#### Given data
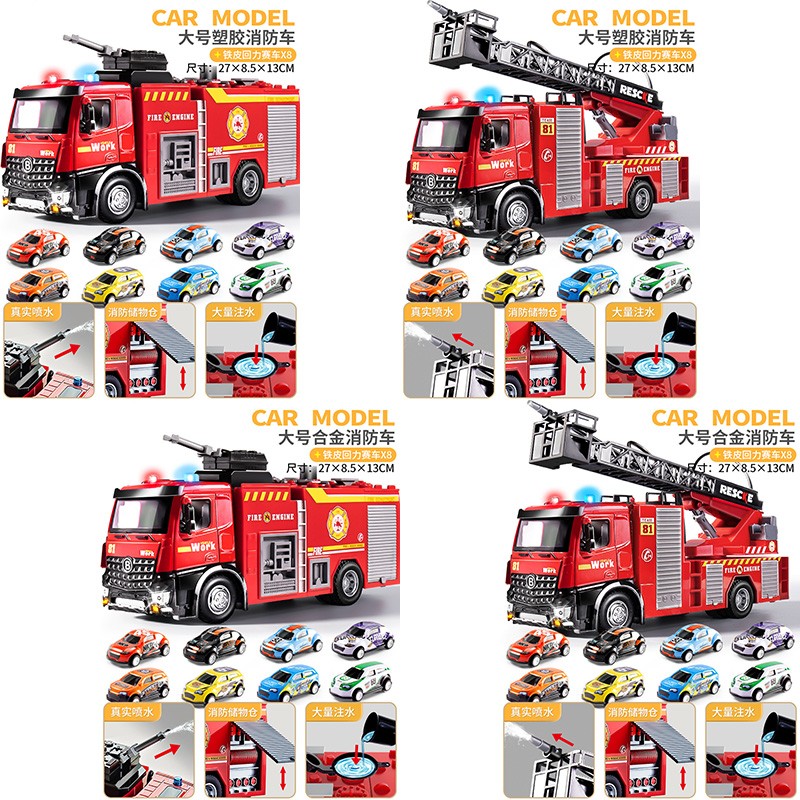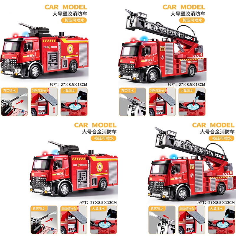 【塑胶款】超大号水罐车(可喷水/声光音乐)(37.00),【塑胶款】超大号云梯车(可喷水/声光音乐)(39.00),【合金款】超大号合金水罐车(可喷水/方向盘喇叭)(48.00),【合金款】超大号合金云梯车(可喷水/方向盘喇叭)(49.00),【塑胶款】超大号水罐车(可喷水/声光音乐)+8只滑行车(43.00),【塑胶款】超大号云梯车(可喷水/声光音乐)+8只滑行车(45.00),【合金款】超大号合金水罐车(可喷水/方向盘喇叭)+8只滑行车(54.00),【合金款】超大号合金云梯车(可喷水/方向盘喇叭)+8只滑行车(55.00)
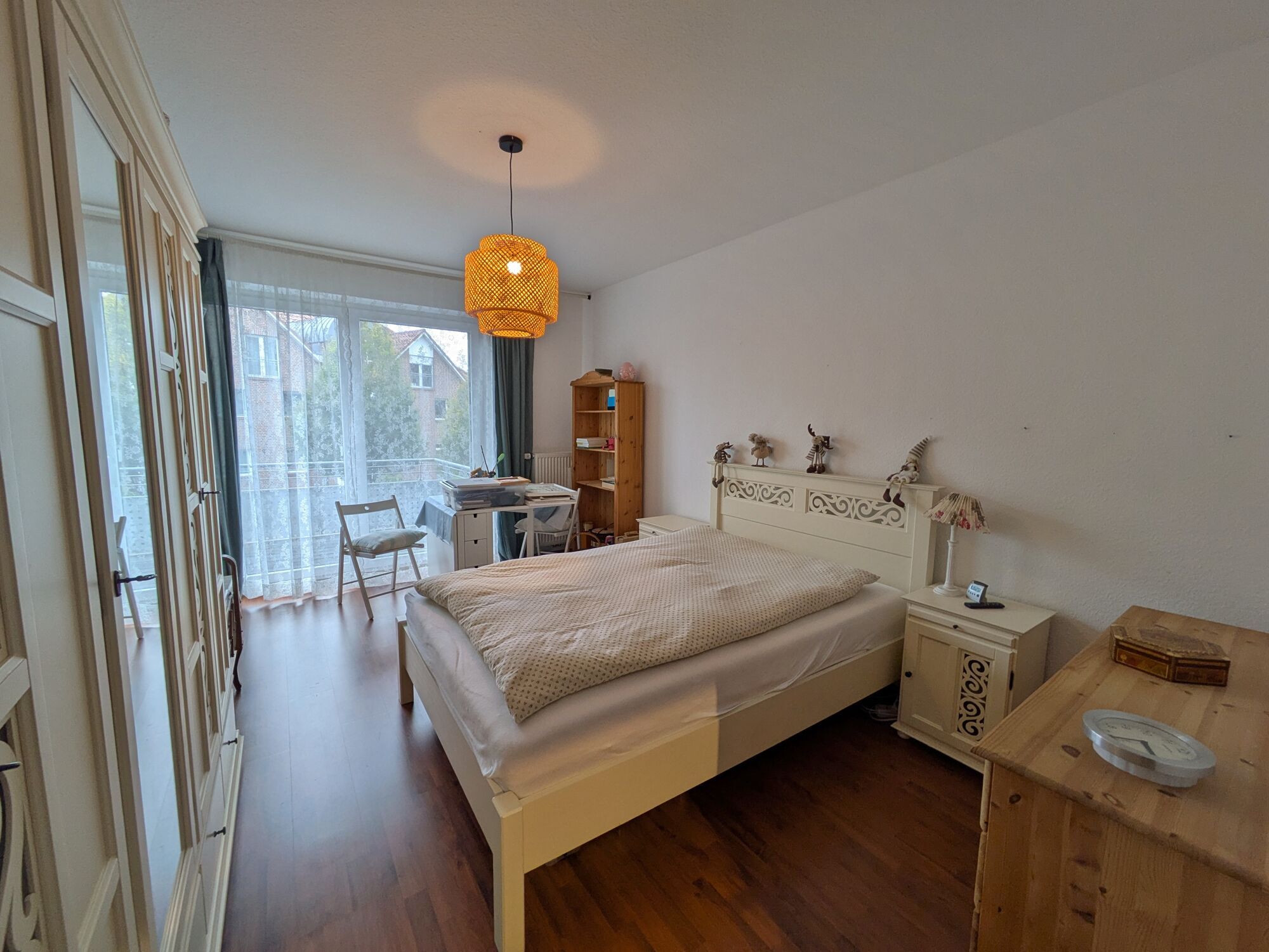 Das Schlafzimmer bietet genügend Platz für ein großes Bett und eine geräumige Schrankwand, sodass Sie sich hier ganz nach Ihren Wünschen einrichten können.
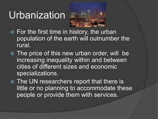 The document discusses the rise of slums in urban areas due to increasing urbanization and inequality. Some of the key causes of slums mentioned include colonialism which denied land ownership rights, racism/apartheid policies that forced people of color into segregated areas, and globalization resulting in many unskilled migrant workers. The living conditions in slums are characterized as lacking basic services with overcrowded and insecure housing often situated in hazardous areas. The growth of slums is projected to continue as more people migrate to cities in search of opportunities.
########
Retyping should start at the first line of the data above and stop after the line with "Das Schlafzimmer bietet", and no picture should be included.

 【塑胶款】超大号水罐车(可喷水/声光音乐)(37.00),【塑胶款】超大号云梯车(可喷水/声光音乐)(39.00),【合金款】超大号合金水罐车(可喷水/方向盘喇叭)(48.00),【合金款】超大号合金云梯车(可喷水/方向盘喇叭)(49.00),【塑胶款】超大号水罐车(可喷水/声光音乐)+8只滑行车(43.00),【塑胶款】超大号云梯车(可喷水/声光音乐)+8只滑行车(45.00),【合金款】超大号合金水罐车(可喷水/方向盘喇叭)+8只滑行车(54.00),【合金款】超大号合金云梯车(可喷水/方向盘喇叭)+8只滑行车(55.00)
 Das Schlafzimmer bietet genügend Platz für ein großes Bett und eine geräumige Schrankwand, sodass Sie sich hier ganz nach Ihren Wünschen einrichten können.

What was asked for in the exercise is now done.